Because we’e made so many architectural changes to the library, we’ve tried to keep breaking changes to a minimum. A lot of projects follow the philosophy that if you’re going to break anything, you may as well break everything. We think migration is easier if there’s a logic to what has changed. We’ve therefore followed a policy of avoiding breaking changes to the Doc, Span and Token objects. This way, you can focus on only migrating the code that does training, loading and serialization — in other words, code that works with the nlp object directly. Code that uses the annotations should continue to work.

Document processing

The Language.pipe method allows spaCy to batch documents, which brings a significant performance advantage in v2.0. The new neural networks introduce some overhead per batch, so if you’re processing a number of documents in a row, you should use nlp.pipe and process the texts as a stream.

- docs = (nlp(text) for text in texts)

+ docs = nlp.pipe(texts)

To make usage easier, there’s now a boolean as_tuples keyword argument, that lets you pass in an iterator of (text, context) pairs, so you can get back an iterator of (doc, context) tuples.

Saving, loading and serialization

Double-check all calls to spacy.load() and make sure they don’t use the path keyword argument. If you’re only loading in binary data and not a model package that can construct its own Language class and pipeline, you should now use the Language.from_disk method.

- nlp = spacy.load("en", path="/model")

+ nlp = spacy.load("/model")
+ nlp = spacy.blank("en").from_disk("/model/data")
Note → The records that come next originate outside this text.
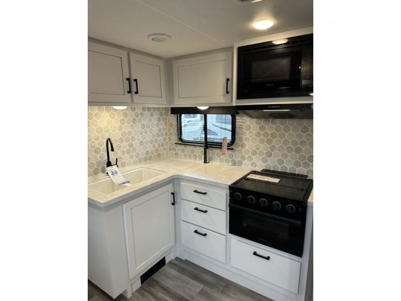 With any Jay Feather travel trailer by Jayco, you will enjoy lightweight towing, convenient exterior amenities, and at-home comforts inside! The Overlander 1 Solar Package included within the Jay Sport Package comes with a 200W solar panel and a 30-amp digital controller so you can enjoy some off-grid camping. There is also a modern graphics package with a dual-colored sidewall, LCI Solid Step fold-down aluminum tread steps on the main entry door, and Climate Shield 0 -100° F tested weather insulation package that will allow you to camp in all sorts of climates. The Customer Value Package will make time outdoors easier than ever with an outside shower, a power tongue jack and a Rock Solid stabilizer system, plus American-made nitro-filled Goodyear tires with self-adjusting electric brakes. More exterior features include a Keyed-Alike locking system, marine grade exterior speakers with blue LED accent lighting, a Magnum Truss roof system, and the list goes on! And we haven't even touched on the interior comforts, like the residential style kitchen countertops and vinyl flooring throughout, decorative backsplash, handcrafted hardwood door/drawer fronts, and multiple USB charging ports to keep you going!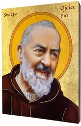 Ikona święty Ojciec PioIkona świętego Ojca Pio wykonana na desce lipowej, podwójnie gruntowanej oraz uszlachetnionej płatkami pozłoty. Wizerunek świętego Ojca Pio został naniesiony przy użyciu specjalnej techniki druku bezpośrednio na deskę. Ikona z tyłu posiada certyfikat naszej firmy wraz z rokiem produkcji oraz zawieszkę typu krokodyl i jest gotowa do zawieszenia; dostępna jest w pięciu rozmiarach; grafika dostosowywana jest do formatu deski przez co może nieznacznie różnić się od zdjęcia produktu: 10x15 cm15x20 cm20x25 cm30x40 cm40x50 cmNie stosujemy produkcji masowej. Ikony powstają w chwili złożenia zamówienia, a każdego Klienta traktujemy indywidualnie.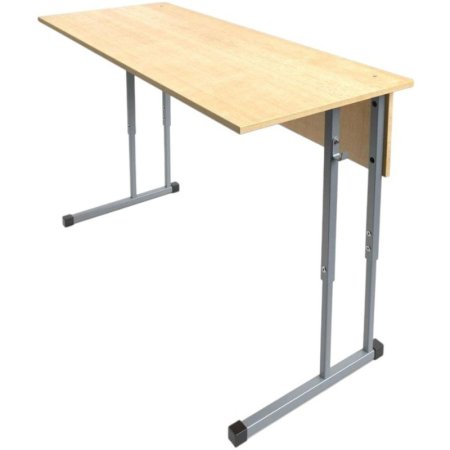 Парта растущая двухместная. Столешница и фронтальная панель стола выполнены из ЛДСП 16 мм. Торцы столешницы закрыты противоударной кромкой ПВХ толщиной 2 мм. Торцы фронтальной панели закрыты противоударной кромкой ПВХ толщиной 0,5 мм. Металлический каркас выполнен из профиля квадратного сечения 25×25 мм и 20×20мм с толщиной стенок не менее 1,2 мм и покрыт порошковой краской, стойкой к химическим и механическим воздействиям. На свободных концах труб установлены заглушки из ударопрочных полимеров. Каркас стола имеет полимерные подпятники, предотвращающие повреждение напольного покрытия. Вся крепёжная фурнитура на металлокаркасах скрыта внутри трубы для продления срока службы изделия. Переднее крепление на столешнице скрытое (резьбовые втулки и болты М6). Заднее крепление на столешнице сквозное (мебельный болт с гайкой). Фронтальная панель крепится к каркасу на мебельные болты с гайками. Регулировка высоты осуществляется с помощью винтовых соединений с гайкой Эриксона. В конструкции предусмотрено два крючка для портфелей. Стол имеет цветовую маркировку в соответствии с ростовой группой. Стол изготавливается в соответствии с ГОСТ 11015-93. Поставляется одной транспортной упаковкой.

Review all other code that writes state to disk or bytes. All containers, now share the same, consistent API for saving and loading. Replace saving with to_disk() or to_bytes(), and loading with from_disk() and from_bytes().
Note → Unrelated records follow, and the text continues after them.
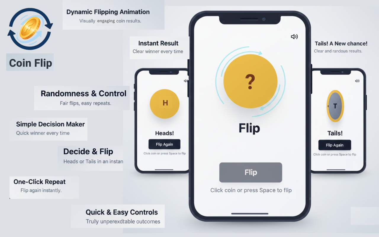 Need a Quick Choice? Flip a coin instantly! Simple heads or tails decision maker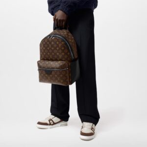 The pairing of Monogram Macassar canvas with black cowhide-leather trim and palladium-color hardware brings classic elegance to the Discovery Backpack’s modern lines. The roomy outside pocket makes it easy to get at essentials. Inside there are three pockets, one designed for an iPad. Adjustable leather straps and a top handle give carry options.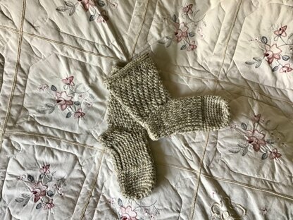 Textured socks with raised stitches. Unique rolled edge. Crocheted entirely in one piece. So versatile and stylish. One size fits all! Simple crochet stitches throughout.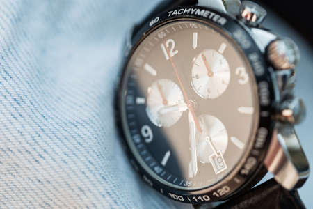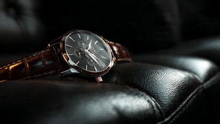 Closeup at luxury men wristwatch with black dial and leather strap.
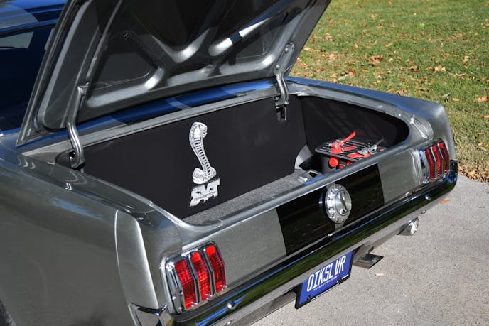 With the drivetrain dialed in it was time to concentrate on the rest of the build. A Ford 9-inch, Ididit steering column, Autometer gauges, 13-inch Wilwood Engineering Brakes, American Racing Torque thrust wheels were all installed. Tommy then kept the theme by going with a pair of fully powered 2003 Cobra front seats into the car. All of the wiring was tucked. A Vintage Air system was installed. The ECU to run the modular motor was hidden under the dash. A custom heat exchanger was installed to the front of the car with a modified Shelby lower valance to keep the supercharger cool.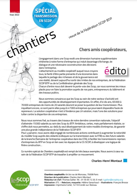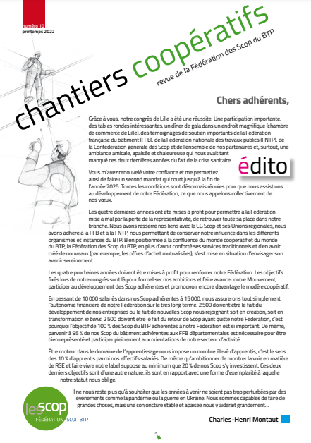 15:5023/05/2023Chantiers Coopératifs est le magazine de la Fédération SCOP BTP. Vous y retrouverez toute l’information sur la vie de la Fédération SCOP BTP et des reportages thématiques sur les Coopératives BTP.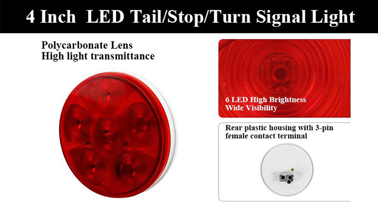 Stop-Turn-Luce posteriore,Fanale posteriore,Luce freno,Rotondo da 4 pollici

- nlp.save_to_directory("/model")
- nlp.vocab.dump("/vocab")

+ nlp.to_disk("/model")
+ nlp.vocab.to_disk("/vocab")

If you’ve trained models with input from v1.x, you’ll need to retrain them with spaCy v2.0. All previous models will not be compatible with the new version.

Processing pipelines and language data

If you’re importing language data or Language classes, make sure to change your import statements to import from spacy.lang. If you’ve added your own custom language, it needs to be moved to spacy/lang/xx and adjusted accordingly.

- from spacy.en import English

+ from spacy.lang.en import English

If you’ve been using custom pipeline components, check out the new guide on processing pipelines. Pipeline components are now (name, func) tuples. Appending them to the pipeline still works – but the add_pipe method now makes this much more convenient. Methods for removing, renaming, replacing and retrieving components have been added as well. Components can now be disabled by passing a list of their names to the disable keyword argument on load, or by using disable_pipes as a method or context manager:

- nlp = spacy.load("en", tagger=False, entity=False)
- doc = nlp(u"I don't want parsed", parse=False)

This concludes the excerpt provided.